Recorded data
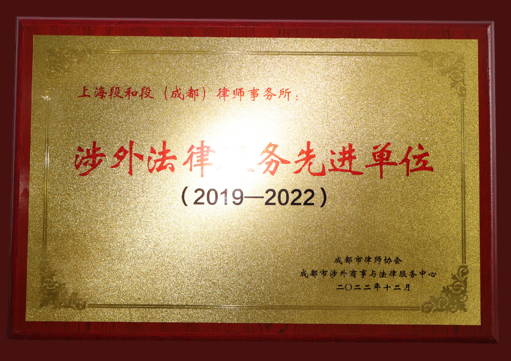 - 2022年12月成都市律师协会、成都市涉外商事与法律服务中心授予我所“2019-2022年度涉外法律服务先进单位”荣誉称号。
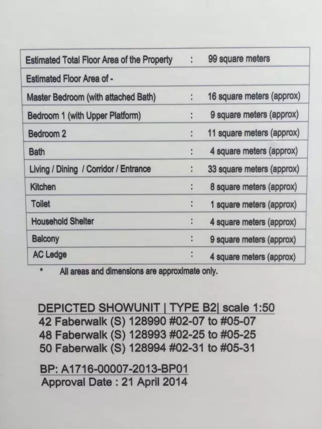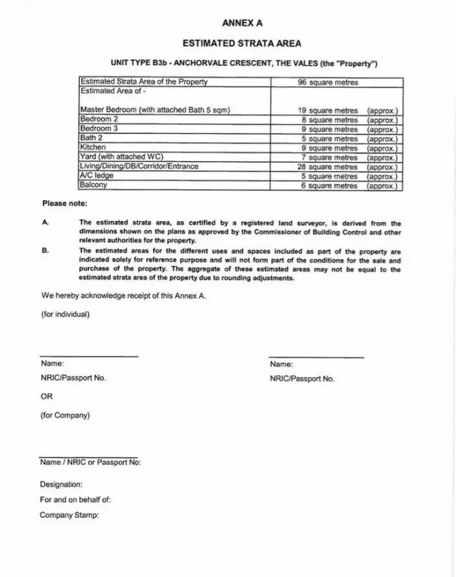 记住哦,在你准备给5%定金支票的时候,发展商会给解释一份PDI(Particular, Documents, Information)。里面一定会有一份文件叫做Estimated Strata Area,会详细描述房子每个部分的面积。PDI整套会很厚,千万不要草草签字了事。如果你发现房间面积很小,不接受。你是可以收回你的5%的支票哦。给大家看看这个文件的范本(这个户型阳台不坑爹,大小刚刚好):
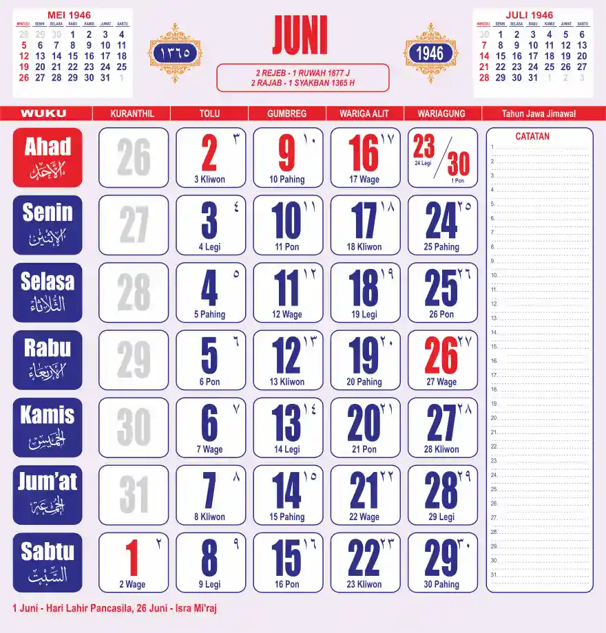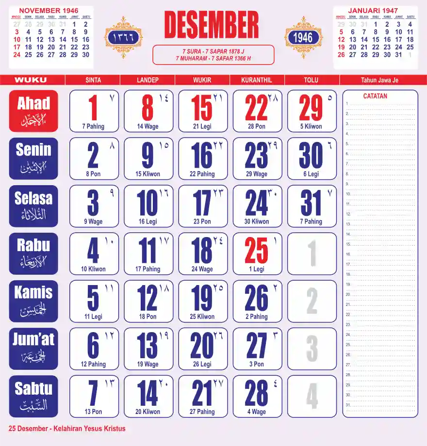 Template kalender 1946 lembaran besar jumbo yang sering dipakai oleh masyarakat jawa lengkap dengan wuku. Kalender ini biasanya di cetak 1 lembar per bulan.
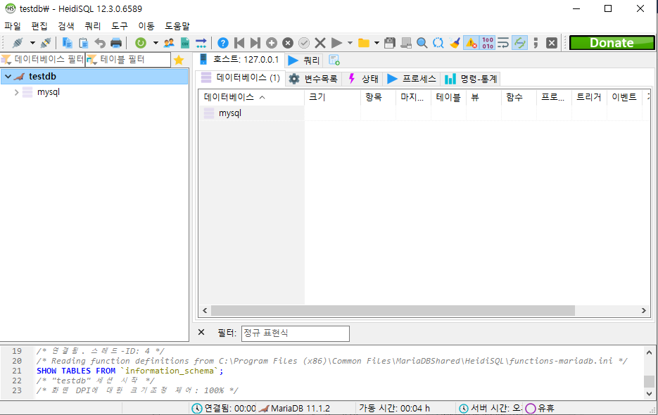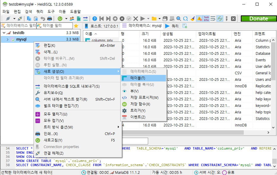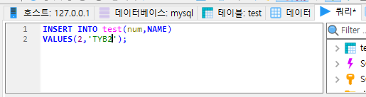 쿼리를 눌러 들어간 후 해당 sql문을 입력하고 실행시킨다.(재생버튼 클릭 or F9)
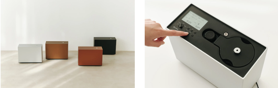 カラーは、ニュートラルな4色展開。潔いスクエアフォルムと、家具のように空間になじむ質感が、家電的ではない上質感を生み出します。機能面は、曜日ごとに最大3つのプログラム(開始時刻・停止時刻・噴霧レベル)と、15段階のレベルから濃度調整が可能。使う人それぞれの過ごし方に合わせて、香りのある空間を心地よくしつらえることができます。100%天然のエッセンシャルオイル本来の香りが、空間を静かに満たします。
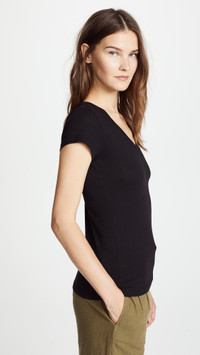 - Fabric: Lightweight jersey - Waist-length style - V neck and short sleeves - Shell: 100% cotton - Hand wash - Made in the USA Style #LGENC30780 Size & Fit Model measurements: Size S: Magdalena (6'0") Measurements from size S Length: 22.75in / 58.0cm, from shoulder
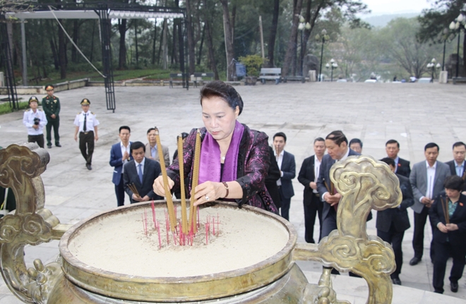 | Chủ tịch Quốc hội Nguyễn Thị Kim Ngân dâng hương tại Nghĩa trang liệt sĩ Quốc gia Trường Sơn. |
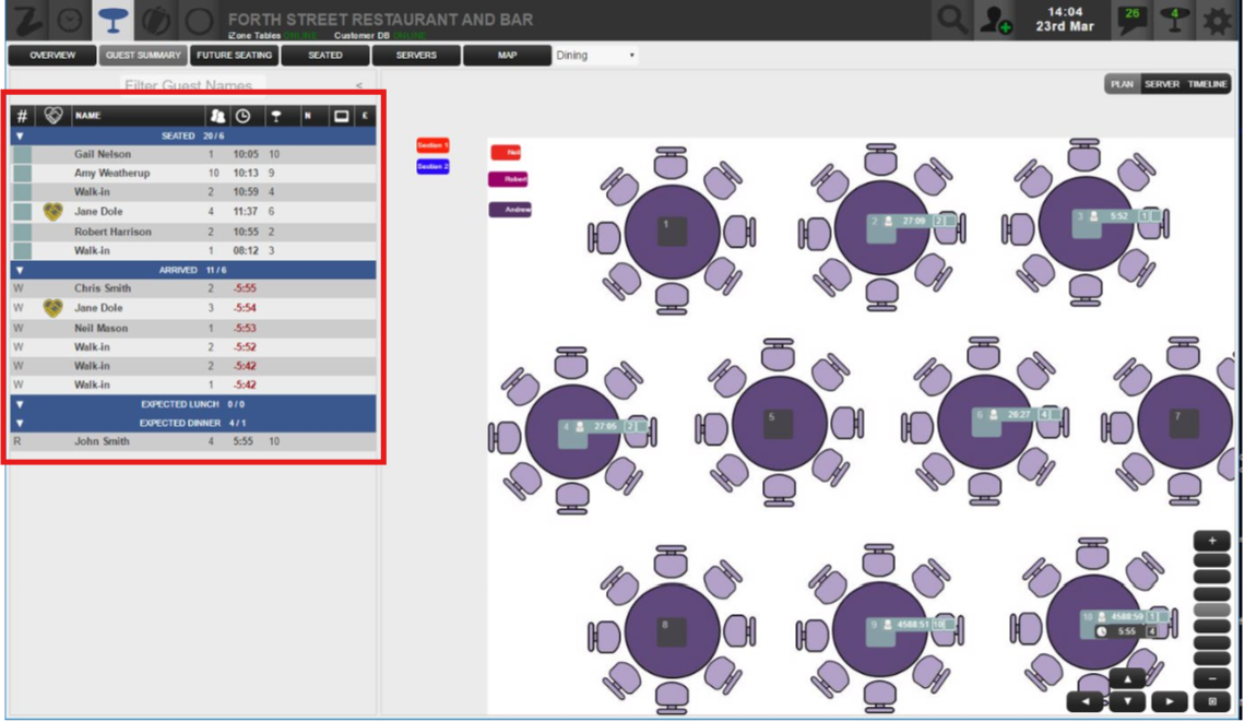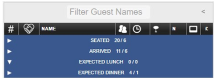 all guests until they are seated, altered or cancelled/marked as no-show (even if a session has passed, guests will remain in the list until they are removed manually.)
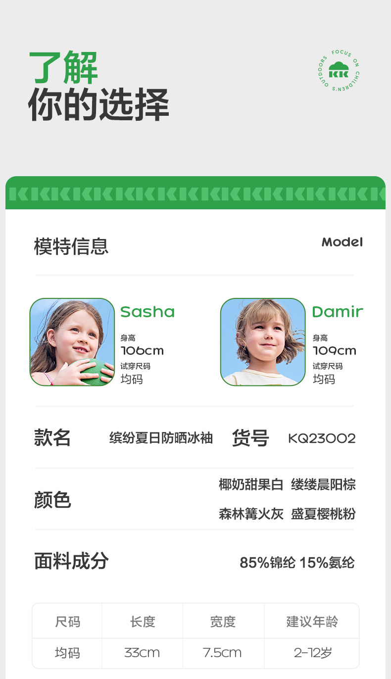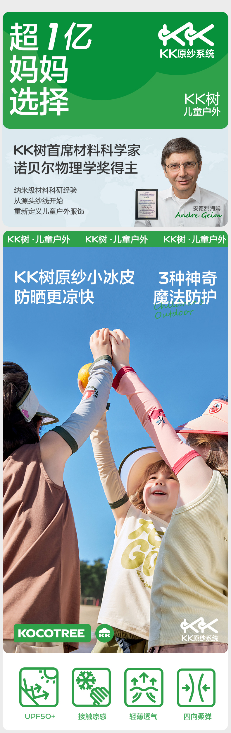 KK树儿童防晒冰袖男女童凉感防紫外线冰丝袖套宝宝遮阳透气冰袖夏缤纷夏日防晒冰袖
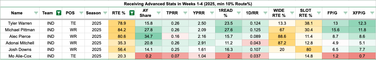 Tyler Warren has been pushing the Colts’ team lead for the highest target rate (26 percent) while running routes at nearly 80 percent of the dropbacks. That’s wide receiver-type usage for Warren, leading to Downs losing routes and first-read targets, so this might be somewhat of a risky play to roll out the Colts slot receiver in Week 5.
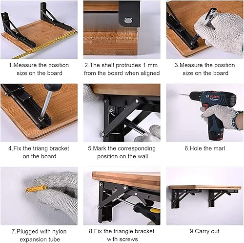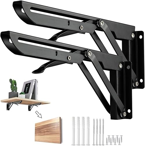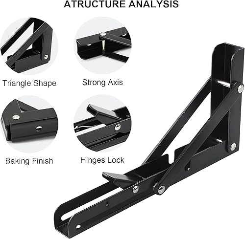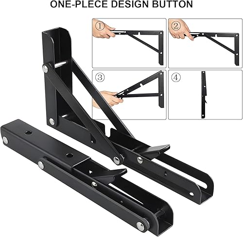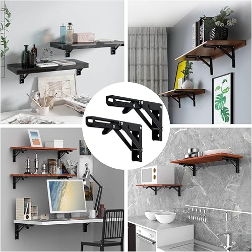 2 consolle pieghevoli da 600 mm, in acciaio inox, ad angolo di carico 110 kg, pieghevole per tavolo e supporto da parete, console per progetti fai da te (nero)
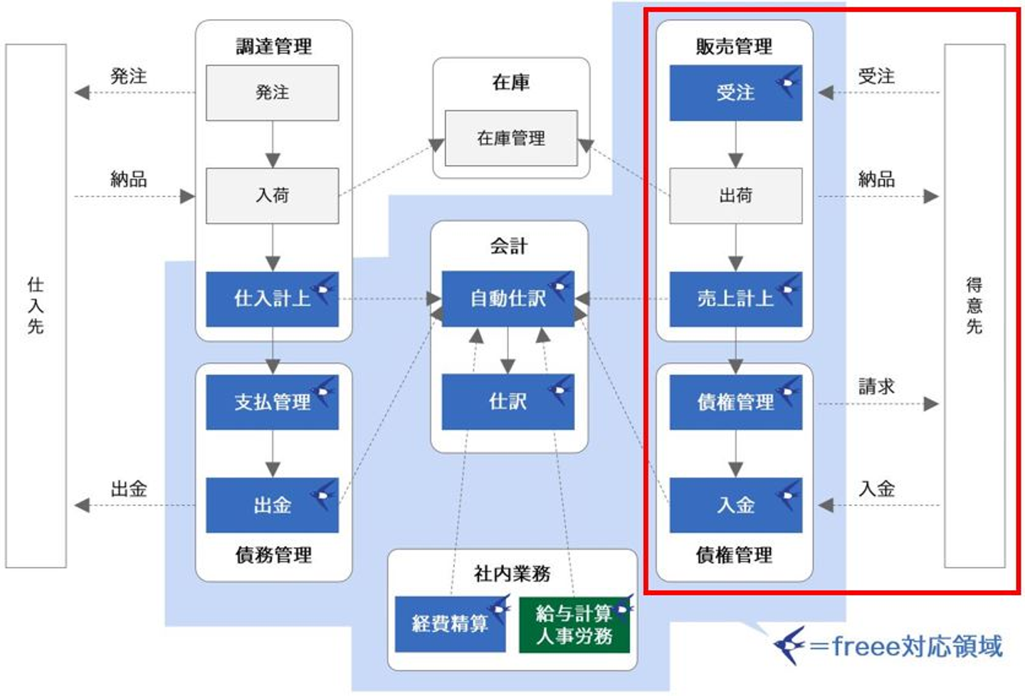 1.販売プロセス・・・請求書の発行、入金確認、債権座高管理
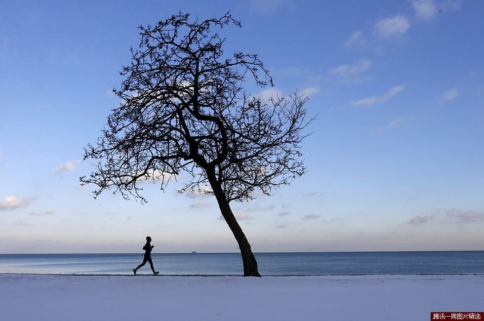 当地时间2013年12月17日,美国芝加哥,一个人沿着密歇根湖边跑步健身,当地的气温已经降至零度左右。
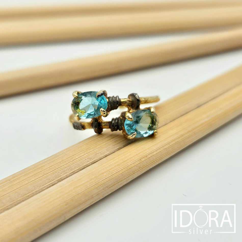 Магнетичен чар в нежна симфония от хипнотизиращия син цвят на АКВАМАРИНИ и позлата, съчетали елегантност и артистичност в дизайн, обединил класически и съвременни елементи, подчертавайки красотата на фино фасетираните къпоценни камъни.
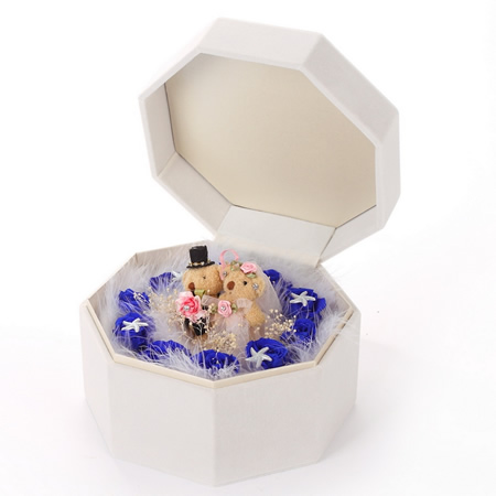 主材:1對高檔小熊+9朵玫瑰(2-3CM) 配材:滿天星,羽毛 尺寸: 八角盒,直徑18*高12CM

_WHAT YOU WILL DO_. Since pictures are not part of the copy, set down only the remaining data exactly.

_WORKED SOLUTION_.
 - 2022年12月成都市律师协会、成都市涉外商事与法律服务中心授予我所“2019-2022年度涉外法律服务先进单位”荣誉称号。
 记住哦,在你准备给5%定金支票的时候,发展商会给解释一份PDI(Particular, Documents, Information)。里面一定会有一份文件叫做Estimated Strata Area,会详细描述房子每个部分的面积。PDI整套会很厚,千万不要草草签字了事。如果你发现房间面积很小,不接受。你是可以收回你的5%的支票哦。给大家看看这个文件的范本(这个户型阳台不坑爹,大小刚刚好):
 Template kalender 1946 lembaran besar jumbo yang sering dipakai oleh masyarakat jawa lengkap dengan wuku. Kalender ini biasanya di cetak 1 lembar per bulan.
 쿼리를 눌러 들어간 후 해당 sql문을 입력하고 실행시킨다.(재생버튼 클릭 or F9)
 カラーは、ニュートラルな4色展開。潔いスクエアフォルムと、家具のように空間になじむ質感が、家電的ではない上質感を生み出します。機能面は、曜日ごとに最大3つのプログラム(開始時刻・停止時刻・噴霧レベル)と、15段階のレベルから濃度調整が可能。使う人それぞれの過ごし方に合わせて、香りのある空間を心地よくしつらえることができます。100%天然のエッセンシャルオイル本来の香りが、空間を静かに満たします。
 - Fabric: Lightweight jersey - Waist-length style - V neck and short sleeves - Shell: 100% cotton - Hand wash - Made in the USA Style #LGENC30780 Size & Fit Model measurements: Size S: Magdalena (6'0") Measurements from size S Length: 22.75in / 58.0cm, from shoulder
 | Chủ tịch Quốc hội Nguyễn Thị Kim Ngân dâng hương tại Nghĩa trang liệt sĩ Quốc gia Trường Sơn. |
 all guests until they are seated, altered or cancelled/marked as no-show (even if a session has passed, guests will remain in the list until they are removed manually.)
 KK树儿童防晒冰袖男女童凉感防紫外线冰丝袖套宝宝遮阳透气冰袖夏缤纷夏日防晒冰袖
 Tyler Warren has been pushing the Colts’ team lead for the highest target rate (26 percent) while running routes at nearly 80 percent of the dropbacks. That’s wide receiver-type usage for Warren, leading to Downs losing routes and first-read targets, so this might be somewhat of a risky play to roll out the Colts slot receiver in Week 5.
 2 consolle pieghevoli da 600 mm, in acciaio inox, ad angolo di carico 110 kg, pieghevole per tavolo e supporto da parete, console per progetti fai da te (nero)
 1.販売プロセス・・・請求書の発行、入金確認、債権座高管理
 当地时间2013年12月17日,美国芝加哥,一个人沿着密歇根湖边跑步健身,当地的气温已经降至零度左右。
 Магнетичен чар в нежна симфония от хипнотизиращия син цвят на АКВАМАРИНИ и позлата, съчетали елегантност и артистичност в дизайн, обединил класически и съвременни елементи, подчертавайки красотата на фино фасетираните къпоценни камъни.
 主材:1對高檔小熊+9朵玫瑰(2-3CM) 配材:滿天星,羽毛 尺寸: 八角盒,直徑18*高12CM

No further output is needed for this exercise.